Ten years ago I was in my second decade of teaching alignment informed yoga classes heavily influenced by my years of practicing with teachers who had studied with BKS Iyengar.
So when a student described a workshop she had attended – a workshop about something called ‘yin yoga’ where poses were held for minutes at a time and any thought of alignment was tossed out the window – I’ll admit to feeling annoyed. No alignment cues? Impossible! Unsafe! Ridiculous! But I was also intrigued and when the opportunity presented itself I hauled my yin-curious self to the nearest Paul Grilley workshop.
Midway through the first day, from the back of the room I called out, “But what about alignment?” He looked at me, smiled, and then gazed out across his rapt audience. It was the yoga equivalent to Jesus’s Sermon on the Mount and Grilley’s first beatitude might as well have been: ‘Blessed are those who study yin and forgo alignment, for they shall learn that alignment is about aesthetics’.

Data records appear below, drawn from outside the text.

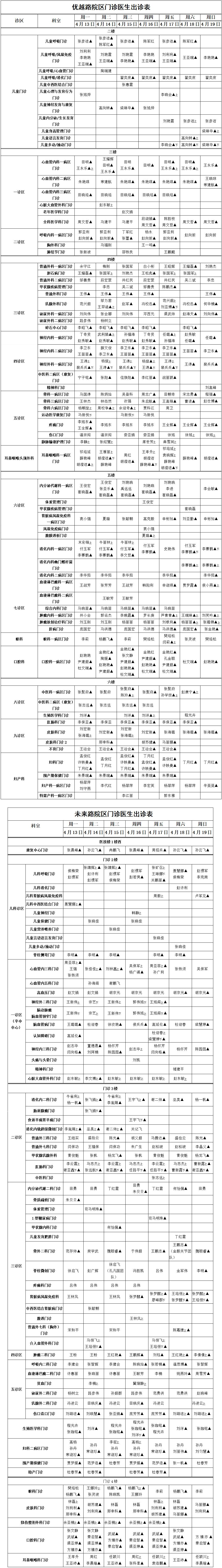 【门诊就医“早知道”】平顶山市第一人民医院优越路院区、未来路院区门诊坐诊表(4月13日至4月19日)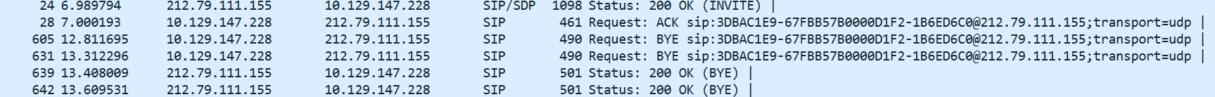 | 642 | 200 OK (BYE)(重传) | 被叫重传 OK 作为应答确认 |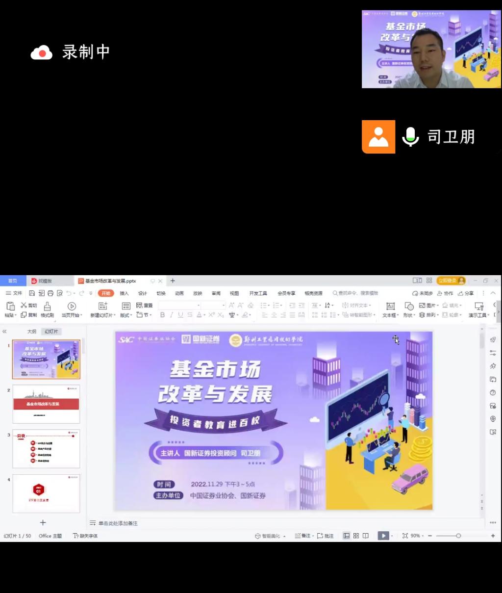 11月29日下午,国新证券郑州商务外环路营业部财富总监司卫朋先生应邀以线上形式为公司师生做了题为“基金市场改革与发展”的学术报告。yl7703永利集团官网部分中青年骨干教师,以及金融工程、经济学等相关专业员工200余人在线参加,yl7703永利集团官网副经理马克林副教授主持报告会。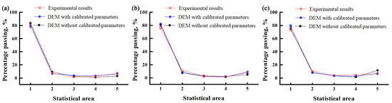 Comparisons of the simulation results with the test results of the percentage passing from different statistic areas in the “self-flow screening” for (a) SN42, (b) JD17, and (c) ZD39.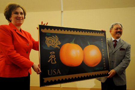 美國郵政局1月22日開始發(fā)行農(nóng)歷兔年生肖郵票,舊金山各界當天為此舉行慶祝儀式。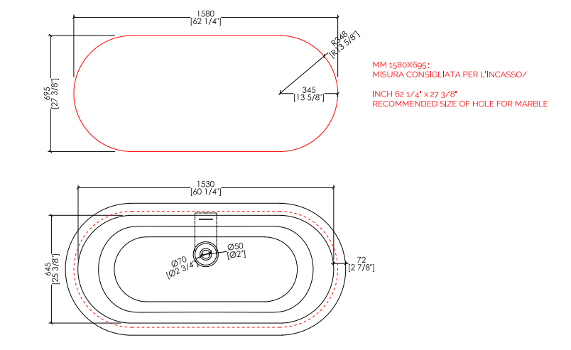 The impressive roll top lends a distinctive classically-inspired elegance to this built-in bathtub in White Tec, which retains the comfort and style of the traditional cast iron built-in bathtub, reinterpreting it in an innovative material in the ideal size for modern spaces.

The moment blew my little yoga brain into pieces and was the catalyst that changed forever how I teach.
Until that moment I had never considered the obvious. That although we are all made up of the same components – bones, muscle, connective tissue and so on – those components will differ in length, width, tensile strength, yield strength, efficiency and power depending on the gene pool in which we swim and our lifestyle. We’re sort of like cars, I guess. A Maserati does not drive like a Mini Cooper. A car that has its oil changed and tires checked does not drive like a car that hasn’t seen the inside of a garage for fifty thousand miles.

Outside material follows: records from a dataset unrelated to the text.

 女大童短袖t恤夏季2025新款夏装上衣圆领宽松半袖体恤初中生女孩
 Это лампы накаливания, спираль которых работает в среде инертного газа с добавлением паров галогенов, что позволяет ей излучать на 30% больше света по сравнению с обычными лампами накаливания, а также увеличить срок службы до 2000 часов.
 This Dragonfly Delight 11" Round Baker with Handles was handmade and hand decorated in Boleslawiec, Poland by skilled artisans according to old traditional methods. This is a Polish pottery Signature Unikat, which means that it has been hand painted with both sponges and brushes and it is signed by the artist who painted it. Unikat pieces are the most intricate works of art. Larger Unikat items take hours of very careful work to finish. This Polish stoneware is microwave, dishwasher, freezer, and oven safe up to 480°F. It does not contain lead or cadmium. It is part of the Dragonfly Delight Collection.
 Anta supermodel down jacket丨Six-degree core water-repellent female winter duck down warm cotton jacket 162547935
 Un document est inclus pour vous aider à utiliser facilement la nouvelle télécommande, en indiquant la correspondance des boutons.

In other words, we are all different.
In other words, alignment is about aesthetics. Kinda. Some alignment cues are about safety, too, and that’s something we shouldn’t forget.
A decade ago I returned home from that weekend workshop questioning if everything I’d ever believed about asana was wrong. The answer, of course, was ‘no’, but maybe it was time to reevaluate my attachment to the philosophy around alignment I’d studied for so long. I had never considered that there might be another way to move through an asana practice. To move through space. For so many years on my yoga journey there was only one ‘right’ way to practice.
But that’s not true.
Every beautiful human moving through a series of yoga postures is having an experience unique to their body, their mind set, their belief system.
As teachers, we should remember that.